Tombola Stars Game - Maths and Fairness


Sue Dawson

The Tombola Stars game is arguably one of the best daily free games ever at UK bingo sites.  It combines the fun of daubing numbers yourself (something which is missing from most online bingo games) with the lure of a huge prize pot and is understandably very popular with players.  But have you ever wondered about the maths behind it – and what your chances really are of winning the £30,000 prize?

  1. What Is Stars?
  2. How To Play
  3. The Chance Of A Win
  4. Missing A Day
  5. Possible Outcomes
  6. Saturday Night
  7. Sunday Morning
  8. The Big Question
  9. Our View

 

What Is Stars?

Stars is a free daily game which can be played at Tombola Bingo and at Tombola Arcade by anyone who has ever made a deposit there and has signed up to receive SMS notifications.  There is a fixed prize fund of £30,000 cash each week which is split between all winners (typically one or two, sometimes as many as four).  Occasionally no-one wins and in that case, the prize fund is carried over making the following week’s prize £60,000.

 

How To Play Stars

Each player is sent a unique 4 digit activation code via SMS on the Monday (meaning that there could be up to 10,000 players participating; if there were more, 5 digits would be required for them all to have a unique code). They can then launch the game from one of the Tombola websites or mobile apps and enter the code to activate it for the week (the code only has to be entered once to activate the game for both Tombola Bingo and Tombola Arcade).

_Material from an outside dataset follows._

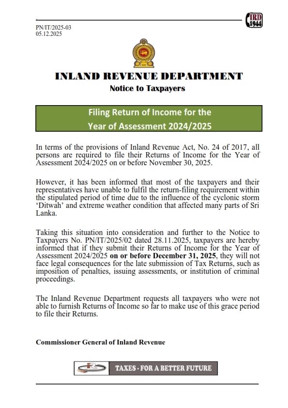 The Inland Revenue Department (IRD) has extended the deadline for filing Returns of Income for the 2024/2025 assessment year, following widespread disruptions caused by Cyclone Ditwah and severe weather across the country.

The game card comes in the form of a scrollable, animated riverside scene with 25 stars bearing 25 of the numbers 1 – 50 and plays like a bingo game but with the winning condition of a lottery.   To win, the player must match all 25 numbers in the course of the week and click on the corresponding stars to collect them.  6 numbers are called every day, so a total of 42 of the 50 numbers are called over the week.  Matching 25 from 42 sounds easy, so why are there relatively few winners given the large number of players at Tombola?

StarsPic

 

The Chance Of A Win

Assuming that the cards are randomly generated and allocated, to work out the chance a particular card has of winning we need to look at all of the possible ways to choose 25 numbers out of 50 and work out what proportion of them can win given a particular set of 42 calls.   There are 8 numbers out of the 50 that are NOT called during the week and a winning card will not contain any of those 8 numbers.  If it contains one or more of those numbers, it loses.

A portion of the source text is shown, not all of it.